Ambivalent-insecure attachment

As children:

 May be extremely suspicious of strangers

 Display distress when separated from a parent or caregiver

 Do not appear to be comforted when their parents return. Child might even passively reject the parent by refusing comfort or display direct aggressions towards the parent or caregiver.

As adults:

 Could feel reluctant about becoming close to others

 Worry that their partner does not love them, which could lead to frequent breakups

 Can become very distraught after the end of a relationship Avoidant-insecure attachment:

As children:

 Tend to avoid parents and caregivers usually after a period of absence

 Might not reject attention from their parent but neither do they seek contact or comfort

 They do not show preference between a parent and a complete stranger As adults:

 May have difficulty with intimacy and close relationships

 Do not invest much emotion in social and romantic relationships. Show little distress when a relationship ends

 Fail to support partners during stressful times and show an inability to share feelings, thoughts and emotions with partners.

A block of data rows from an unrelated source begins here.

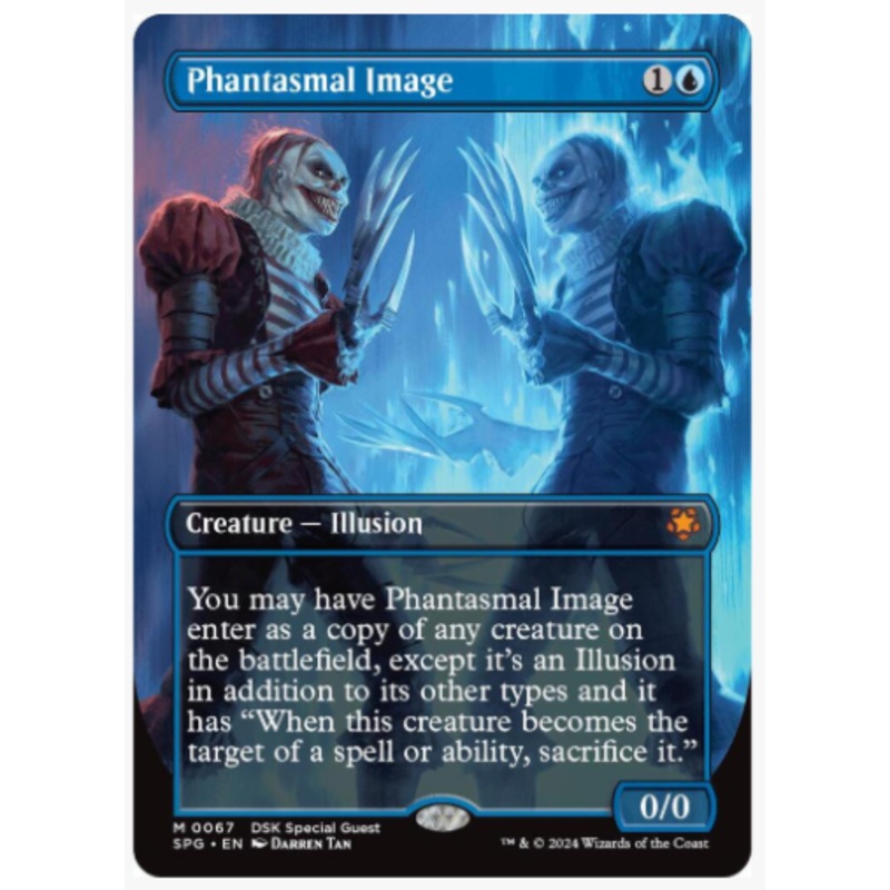 You may have Phantasmal Image enter as a copy of any creature on the battlefield, except it's an Illusion in addition to its other types and it has "When this creature becomes the target of a spell or ability, sacrifice it."Rarity:M#:67Card Type:Creature I
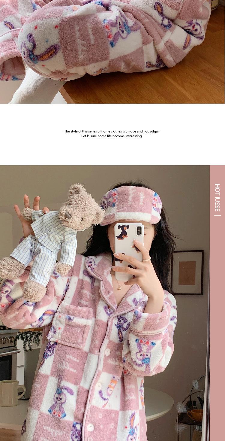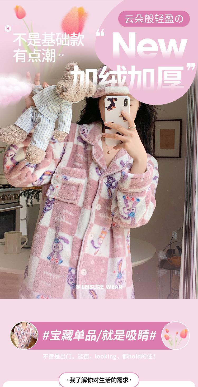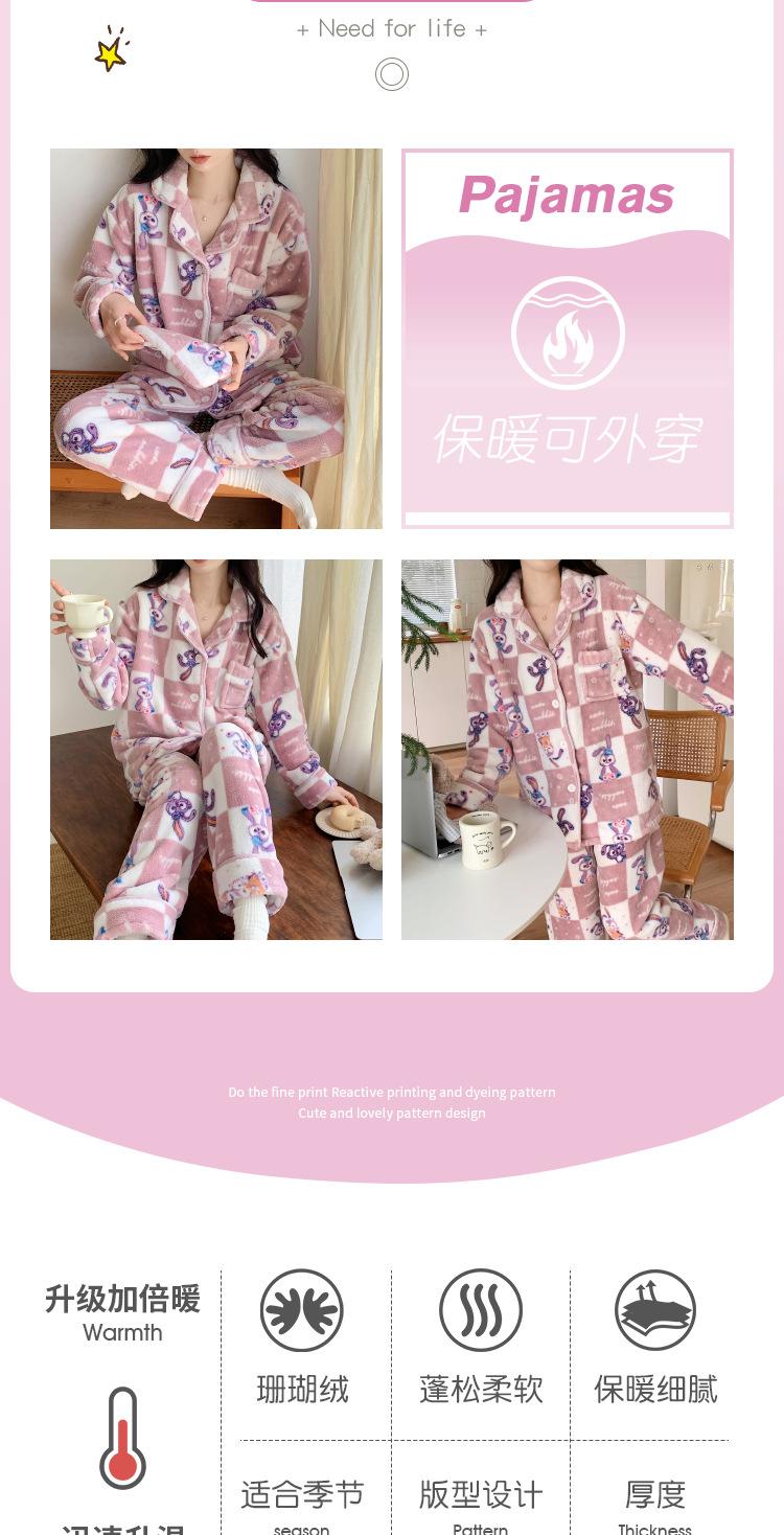 Pijama de Felpa Coral de Dibujos Animados Dailou Estrella Suave y Glutinoso Otoño e Invierno para Dama Grueso con Forro Polar Cálido Traje para Estar en Casa Venta al por Mayor
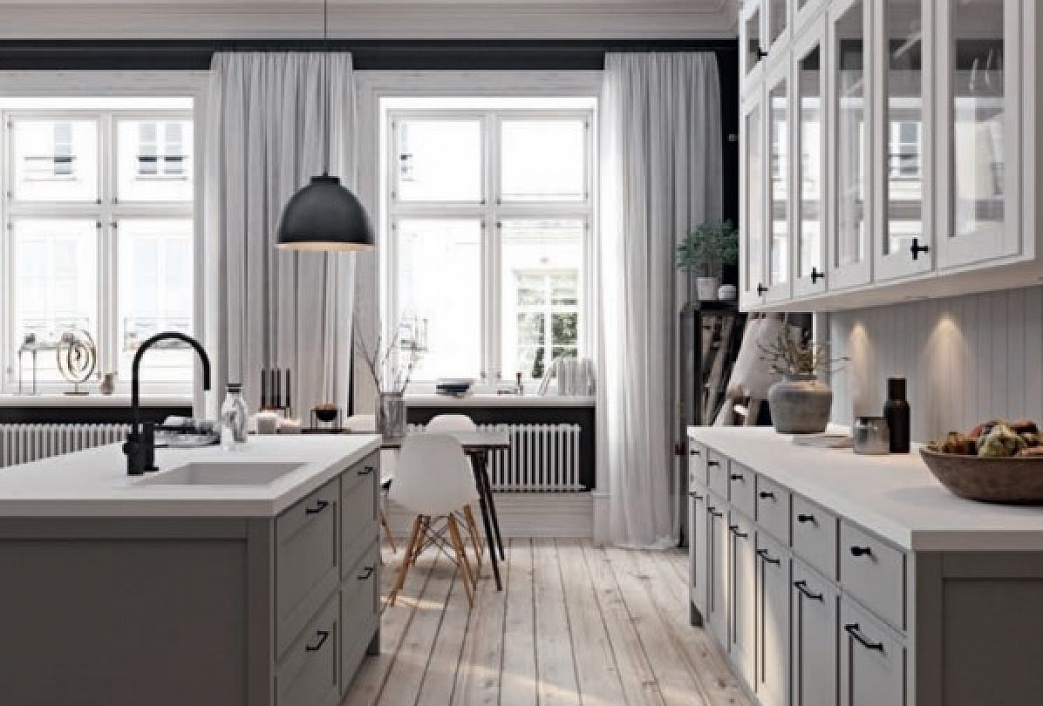 Современный скандинавский дизайн. Ширина кухни 180 см.
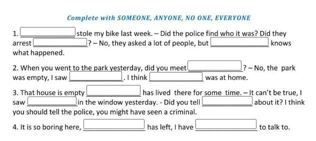 1 someone 2 anyone 3 no one, 4 anyone, 5 no one, 6 everyone, 7 no one, 8 someone, 9 anyone, 10 everyone, 11 no one
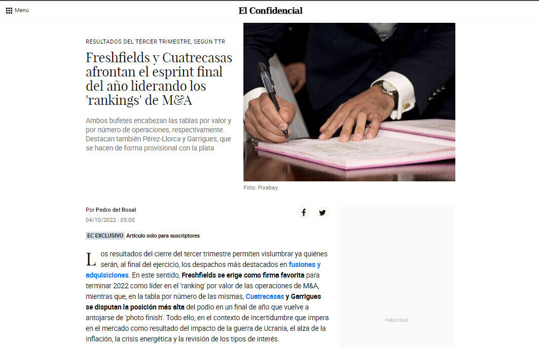 Los resultados del cierre del trimestre permiten vislumbrar ya quiénes serán, al final del ejercicio, los despachos más destacados en fusiones y adquisiciones. En este sentido, Freshfields se erige como firma favorita para terminar 2022 como líder en el 'ranking' por valor de las operaciones de M&A, mientras que, en la tabla por número de las mismas, Cuatrecasas y Garrigues se disputan la posición más alta del podio en un final de año que vuelve a antojarse de 'photo finish'. Todo ello, en el contexto de incertidumbre que impera en el mercado como resultado del impacto de la guerra de Ucranía, el alza de la inflación, la crisis energética y la revisión de los tipos de interés.
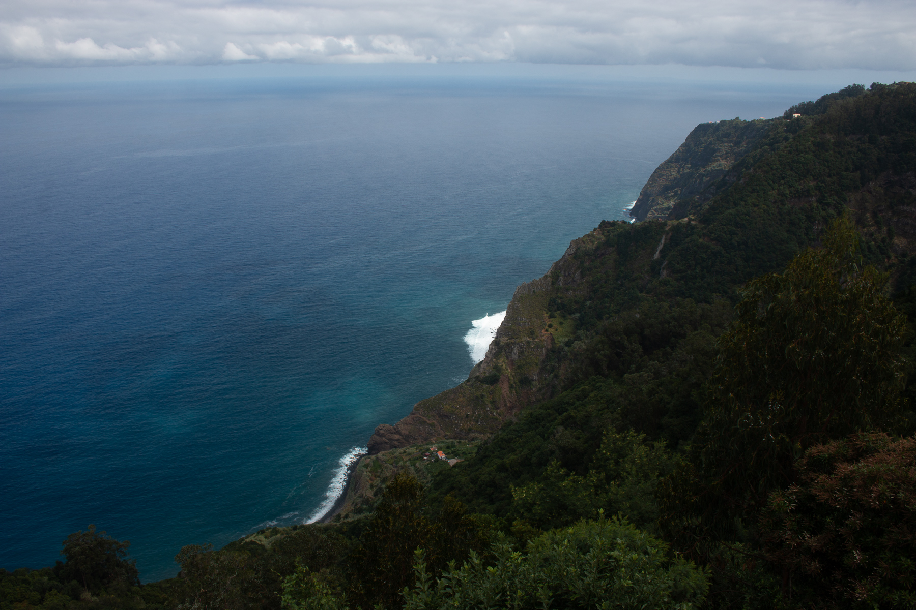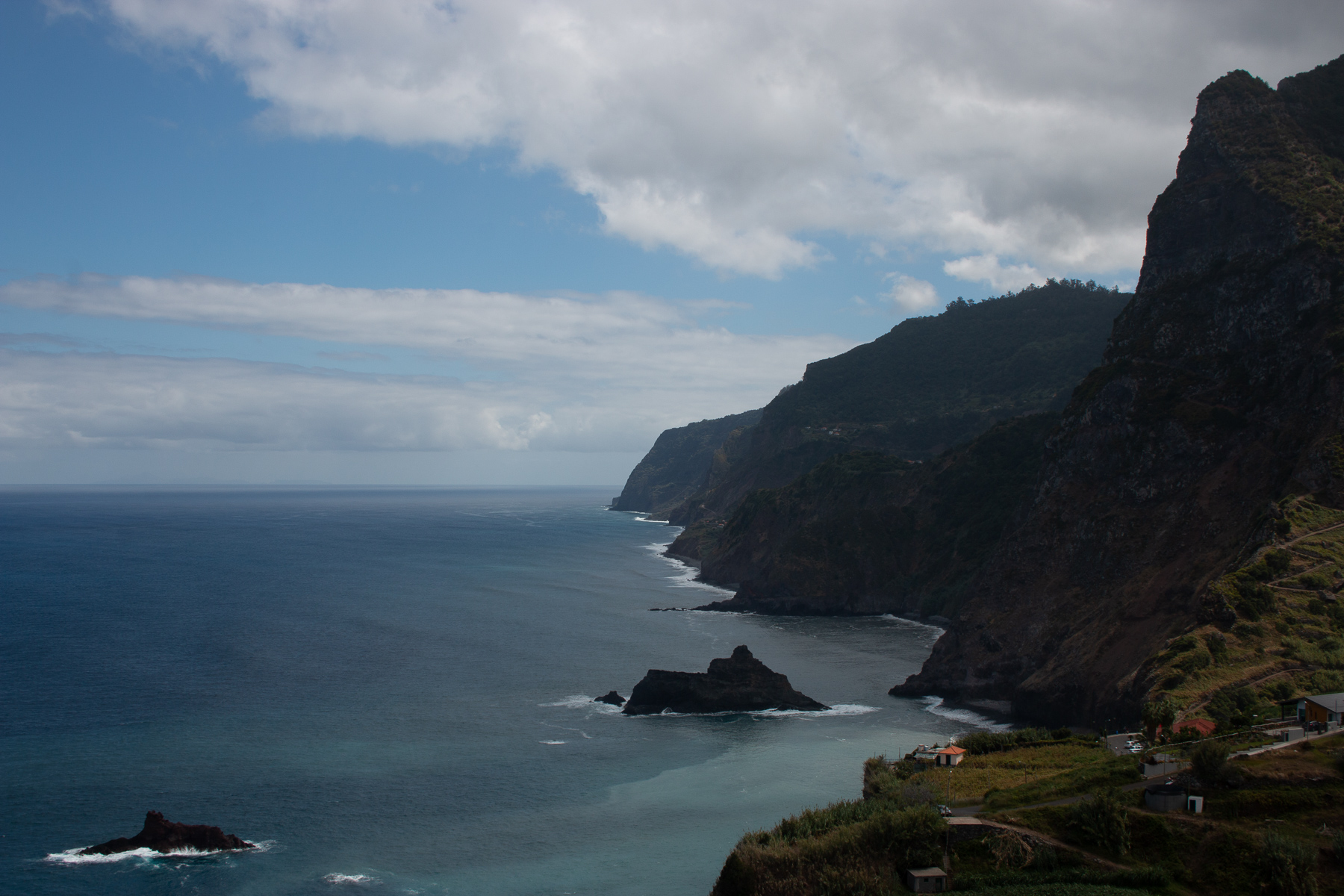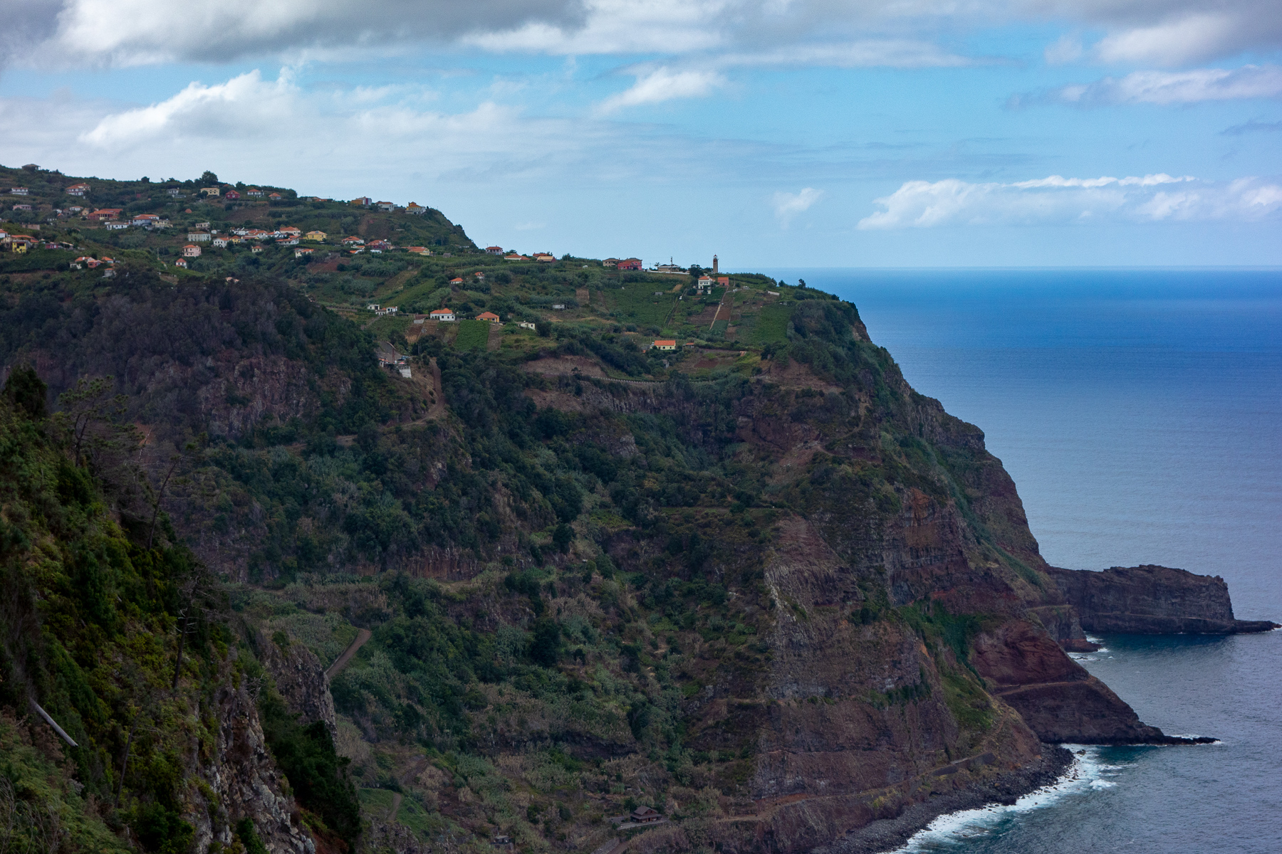 Nachdem ich meine Fotos gemacht hatte, ging es weiter zum Hotel Quinta do Furão. Hinter diesem Hotel startet der Küstenwanderweg nach São Jorge. Ihn zu finden war nicht schwer. Ihm zu folgen schon. Natürlich gibt es keine Wegmarkierungen und der Weg ist auch kein Weg, sondern eher ein Trampelpfad. Erst ging es noch eindeutig voran, vorbei an Gemüsefeldern und unter Weinreben hindurch mit immer wieder sehenswerten Ausblicken auf die Küste und das gebirgige Hinterland. Immerhin bewegten wir uns auf einer Höhe von fast 500 Metern über NN.
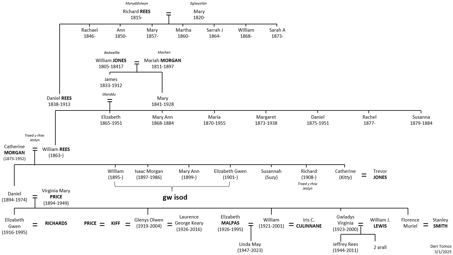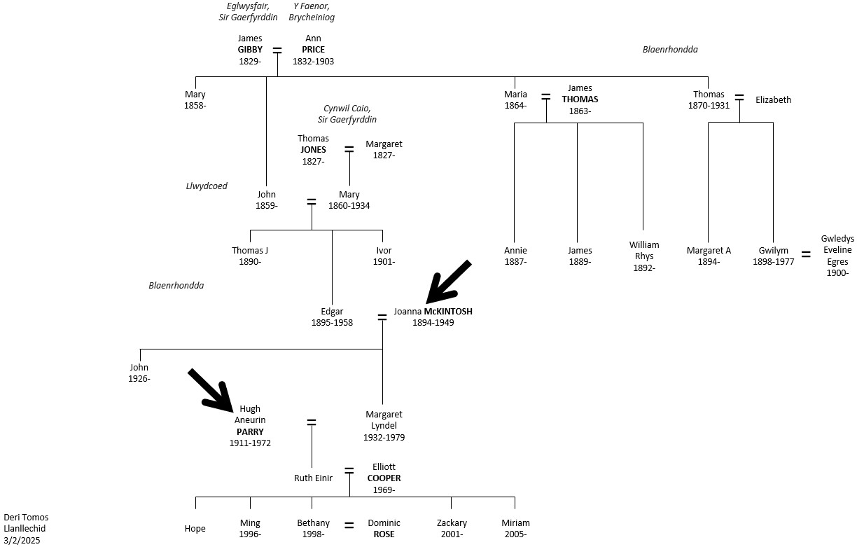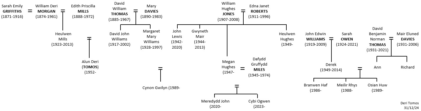 | William (Deri) (1874-1961) | Sarah Emily Griffiths (1871-1916) Edith Priscilla Mills (1888-1972) | Llangurig Defynnog Trecynon | rhagor |
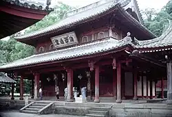 Construction was completed in 1669, the architecture done in the Chinese Ming dynasty style. By authorization of the local bakufu leaders (i.e. Tokugawa Tsunayoshi[4]), the Ōbaku-shu emerged to help revitalize Rinzai practice in Japan. The practice at Manpuku-ji was different from that in other Rinzai temples and monasteries of Japan during this period, being much more Chinese in its approach. Yinyuan brought with him aspects of esoteric Buddhism and Pure Land Buddhism. As Heinrich Dumoulin puts it, "For Zen practice in general, seated meditation and the practice of kōan are central, while cultic ceremony is of secondary importance. Insofar as the Ōbaku belonged to the Rinzai tradition, zazen and kōan practice were made part of daily life, but ritual was also accorded a place of considerable importance."[2] Furthermore, Ōbaku monasteries and temples came to be governed by a doctrine known as Ōbaku shingi, which both imported Chinese practices such as the recitation (dharani) of nembutsu and "sought to preserve the Chinese character of the group."[3] The Ōbaku also chanted sutras derived from the Pure Land Buddhist sect set to Chinese music.[2]
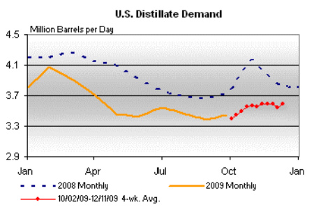 美国能源信息署的数据显示,上周美国原油和馏分油库存下降,汽油库存增长。美国原油库存量3.324亿桶,比前一周下降370万桶;美国汽油库存总量2.172亿桶,比前一周增长90万桶;馏分油库存量为1.644亿桶,比前一周下降290万桶。尽管原油库存比去年同期高2.9%;汽油库存比去年同期高5%;馏份油库存比去年同期高18.2%,但是原油库存、馏分油库存分别下降370万桶、290万桶,远远大于汽油库存增加90万桶。所以库存开始减少,主要原因是馏分油消费增加近500万桶,天气变寒冷使取暖油消费增加。未来一周美国东部的气温低于往前平均气温可能成为提振油价的因素。而馏分油的消费量比上周增加472万桶,但比去年同期减少298万桶。参见下图。
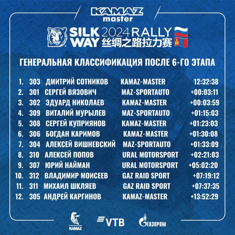 После шестого этапа ралли «Шелковый путь» первая тройка генеральной классификации грузового зачета не изменилась, однако лидер гонки Дмитрий Сотников увеличил разрыв с преследователем из команды «МАЗ СПОРТавто» Сергеем Вязовичем, а идущий третьим Эдуард Николаев, напротив, приблизил свое общее время к результату Вязовича. После сегодняшней победы Николаев отстает от Сотникова на 3 минуты 59 секунд, а Вязович – на 3 минуты и 11 секунд.

Attachment and trauma in the adolescent

According to Geldard and Geldard (2010:19), attachment problems are one of the unresolved issues that need to be looked into in understanding adolescent behaviour. He defines attachment challenges as “the tendency of a child to repeatedly seek closeness with a specific person, usually the mother, in order to reduce internal tension.” The kind of attachments a child develops with his caregiver has an effect on the child’s development throughout his life and how he deals with stressful and traumatic situations. Providing a nurturing environment is, according to Wilkinson (2010), the key to emotional wellbeing and thus positive attachments. He elaborates on this topic by stating that secure and loving care giving is important for an individual to develop to his or her full potential. Furthermore, “parent’s model containment of anxiety and difficult emotions for their children and their children learn from them” (Fargher & Dooley 2011:3). The authors explain that parents then act as ‘gatekeepers’ protecting their baby from any situation that the baby cannot cope with or endure. When experiencing this security, the baby internalises this function; therefore the parents help their children to think emotionally and process anxiety and deal with it in ordinary life. It can then be argued that the care given by the parents thus reflects the parents’ own early experience of being cared for and therefore the parents’ own attachment style (Wilkinson 2010). Attachment problems have been linked in adolescents to eating disorders, substance abuse, violence, poor self-image and anxiety (Wenar & Kerig 2006). Adverse childhood experiences are therefore a strong predictor of emotional andphysical problems in adulthood (Broad & Wheeler 2006).